Put down that silly flute
and come get your grub.

Dear Word Detective: In my practice as a musician, playing music from the late Renaissance period, I sometimes come across tunes with titles like, "Dick's Maggot," or "My Lady Winwood's Maggot," etc. My dictionary gives a definition for "maggot" as "an extravagant notion, a whim," as well as the one I am more familiar with, having to do with worms, putrefaction and decay. Now my curiosity has been piqued. How did this word come to have these two so widely different meanings? -- Steven K. Smith, via the internet.

Ah, you're one of those lute and flute guys, right? I used to work with a fellow who moonlighted as a knight at one of those Renaissance Fair deals. You know, the sort of outdoor dinner-theater costume pageants where your waiter addresses you as "M' L ord" or "M' Lady"? Anyway, he didn't last long in our office, probably because he kept referring to the boss as "that fat varlet."

Onward. Somehow I never thought I'd be writing a column about maggots, but here we go. The most common use of "maggot" is, as you note, to mean a worm or grub, usually the larva of a fly. "Maggot," which first appeared around 1398, is thought to have derived from the Middle English word "mathek," which also meant "worm" and may have ultimately been Norse in origin.

The use of "maggot" in the name of musical pieces started in the early 1700's. The rather unlikely coupling of the name for a grub with a light tune meant for dancing is a little less bizarre when we note that, starting in the early 1600's, "maggot" was used figuratively to mean "a fanciful whim or silly idea." The logic behind this sense of "maggot" was, you guessed it, that crazy ideas were jokingly said to be the result of having maggots cavorting in one's cranium, the 17th century equivalent of "bats in the belfry." Thus, a whimsical or "unserious" bit of music was jocularly christened "Dick's Maggot" or whatever.

Speaking of "maggots," incidentally, one early form of the word was "mawk," and "mawkish" originally meant to be disgusted, as if by putrid meat. Only in the 18th century did "mawkish" come to mean "disgustingly oversentimental."


Dude be wack.

Dear Word Detective: A while back I asked whether you knew the origin of the word "nuts," like I'm going right now waiting for your answer. Why is a peculiar or insane person called a "nut"? Does it have some connection with the expression that someone is a little "squirrely"? -- Paul Schroeter, via the internet.

I'm glad you sent your question again, because evidently I didn't receive it the first time. Of course, it's remotely possible that I accidentally erased it along with the 900 or so items of junk mail I get every day. Were you by any chance trying to sell me carpet remnants or condos in Wyoming somewhere in your message?

In any case, we're on the same page now, and that's what counts. "Nut" in its original sense, i.e., peanuts, cashews, etc., is a very old word.
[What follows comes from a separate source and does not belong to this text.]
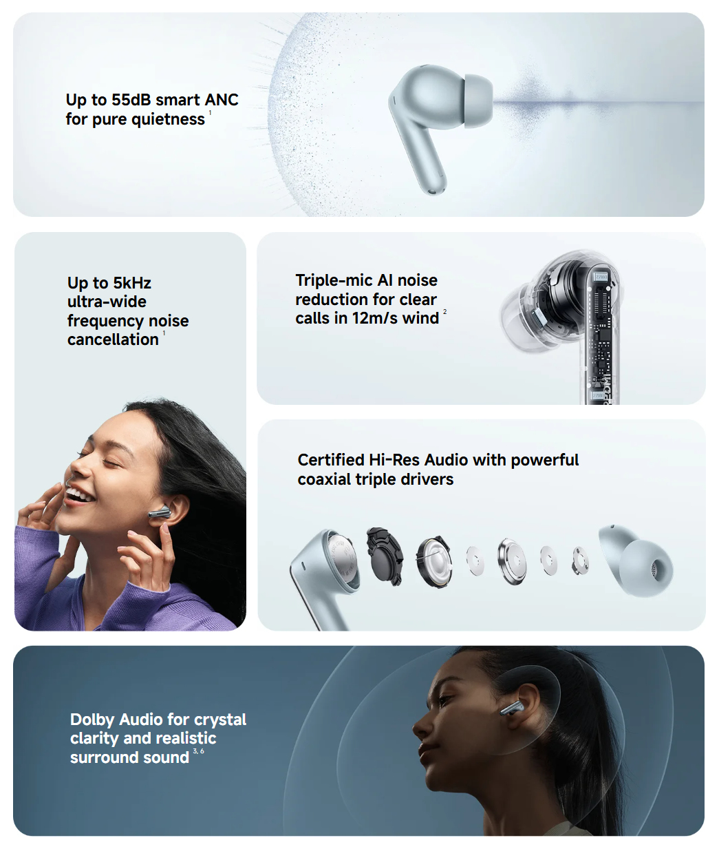 O Redmi Buds 8 Pro estará disponível globalmente nas cores Cloud White, Glacier Blue e Obsidian Black, todas com baterias de 54 mAh e 480 mAh dentro de seus estojos de carregamento correspondentes. Com até 8 horas de duração da bateria com uma única carga, a Xiaomi também instala um modem com capacidade para Bluetooth 5.4 e três microfones por fone de ouvido que ajudam a fornecer até 55 dB de cancelamento de ruído ativo (ANC).

Its ultimate source was probably the Indo-European root "knu," which meant "lump." The Latin word for nut, "nux," eventually gave us the words "nucleus" and "nuclear." The English word "nut" first appeared around 875 A.D. See? Told you it was old.

Since nuts play such a large role in our daily life and diet (at least they do in mine), it wasn't long before we started using "nut" in all sorts of non-literal, figurative senses. By around 1300, "nut" meant anything inconsequential. Later on we reconsidered, and "nut" was used to mean a difficult situation or problem ("a tough nut to crack").
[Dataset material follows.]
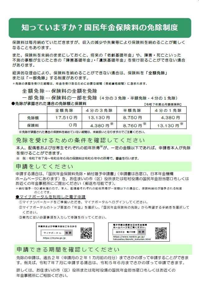 タイトル:知っていますか?国民年金保険料の免除制度発行者:日本年金機構発行時期:2025年7月ページ数:2ページ概要:このリーフレットは、国民年金保険料の免除制度について解説している。経済的理由により保険料を納められない […]
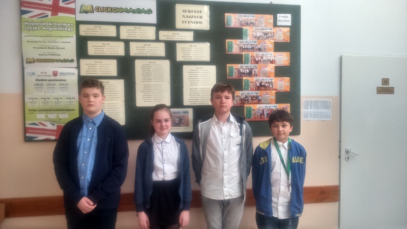 Chłopcy zostali laureatami Wojewódzkiego Konkursu Języka Angielskiego dla szkół podstawowych, gimnazjalnych oraz ponadgimnazjalnych Clickonmaniac organizowanego przez Gimnazjum Nr 5 im. Sybiraków w Zamościu pod Honorowym Patronatem Prezydenta Miasta Zamość.

By the mid-1800s, we were using "nut" to mean a person's head, and around the same time we decided that someone not quite right in the old noggin was "off his nut" or simply "nuts."
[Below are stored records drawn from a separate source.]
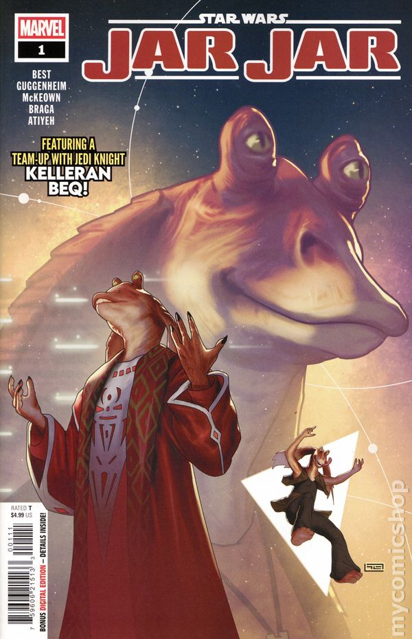 (W) Ahmed Best; Marc Guggenheim (A) Kieran McKeown; Laura Braga (CA) Dave Wachter JAR JAR RETURNS - CO-WRITTEN BY JAR JAR HIMSELF, AHMED BEST! JAR JAR faces the consequences of giving emergency powers to CHANCELLOR PALPATINE. What pivotal role does Jar Jar play in the formation of the REBEL ALLIANCE? Guest-starring fan-favorite JEDI KNIGHT KELLERAN BEQ! 32 pages, full color, rated T. Cover price $4.99.
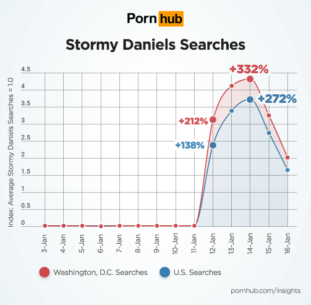 AVN Hall of Fame pornstar Stormy Daniels (nsfw) has appeared in adult videos since the early 2000s, but recently shot to the forefront of public attention when her back-door dealings with U.S. President Trump were revealed. Newsweek contacted us to see how the story may have affected searches on Pornhub. Our analytics data revealed that Stormy’s story sent millions of curious visitors to Pornhub, where searches containing “Stormy Daniels” increased from a daily average of 2500 to more than 2 million searches in just 5 days. Worldwide searches peaked at 375% above the 2 week average on January 14th.
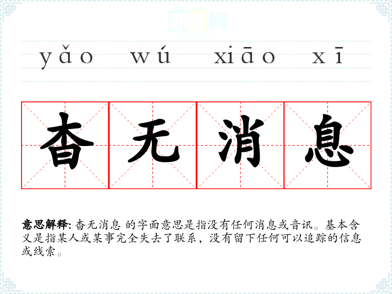 杳无消息 的字面意思是指没有任何消息或音讯。基本含义是指某人或某事完全失去了联系,没有留下任何可以追踪的信息或线索。

As for "squirrely" meaning "crazy," there is no direct linguistic connection with "nuts," although the obvious link between squirrels and nuts has probably spawned ten thousand tedious jokes. "Squirrely," which first appeared in the 1920s, simply means something which (or someone who) acts like a squirrel, and is defined by the Oxford English Dictionary as "Inclined to rush this way and that, unpredictable. Of a person: demented, crazy; jumpy, nervy."